→ Supplied material
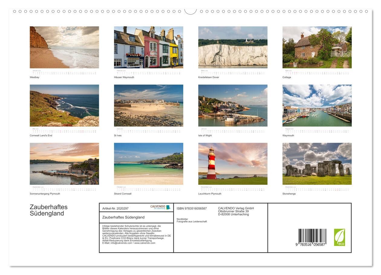 Zauberhaftes Südengland (hochwertiger Premium Wandkalender 2026 DIN A2 quer), Kunstdruck in Hochglanz
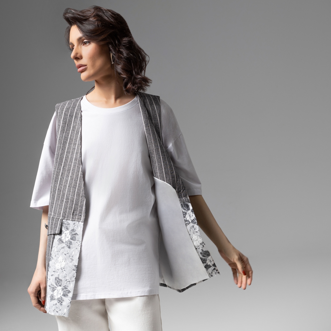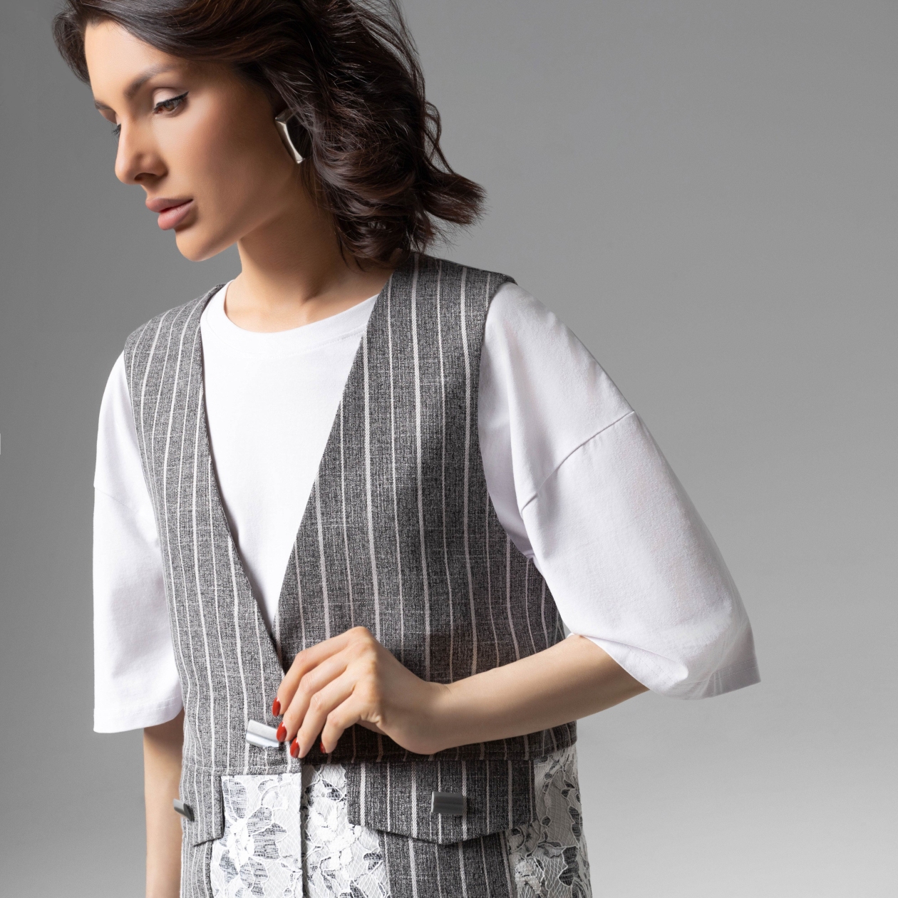 • АртикулЖилет комбинированный с кружевом, Искусство переговоров (grey)
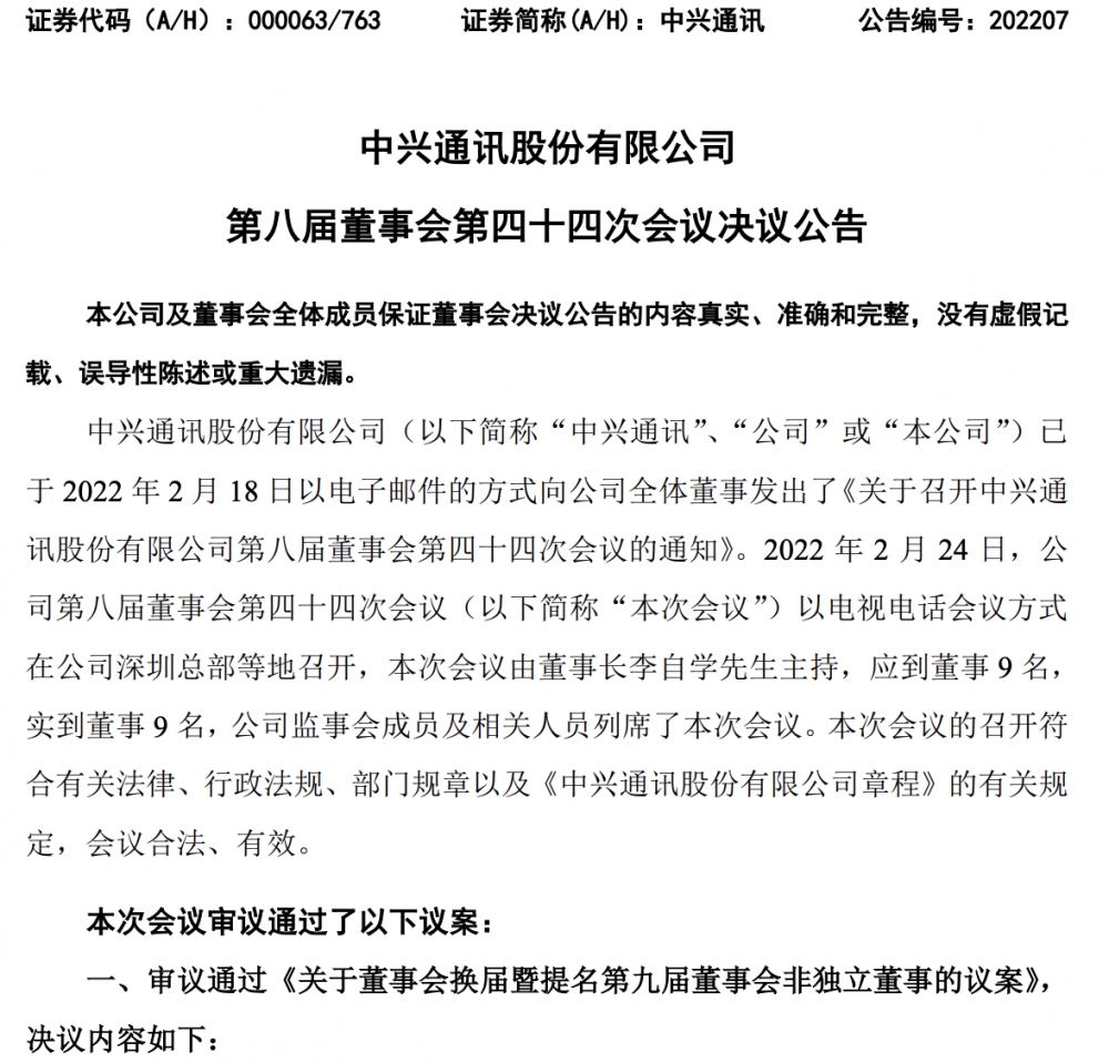 2月24日,中兴通讯召开第八届董事会第四十四次会议。会议审议通过《关于董事会换届暨提名第九届董事会非独立董事的议案》和《关于董事会换届暨提名第九届董事会独立非执行董事的议案》。

→ What the task requires
From the line containing "Искусство переговоров (grey)" down to the end of the listing above, every line is to be returned exactly, though the pictures are not.

→ Answer to this exercise
 • АртикулЖилет комбинированный с кружевом, Искусство переговоров (grey)
 2月24日,中兴通讯召开第八届董事会第四十四次会议。会议审议通过《关于董事会换届暨提名第九届董事会非独立董事的议案》和《关于董事会换届暨提名第九届董事会独立非执行董事的议案》。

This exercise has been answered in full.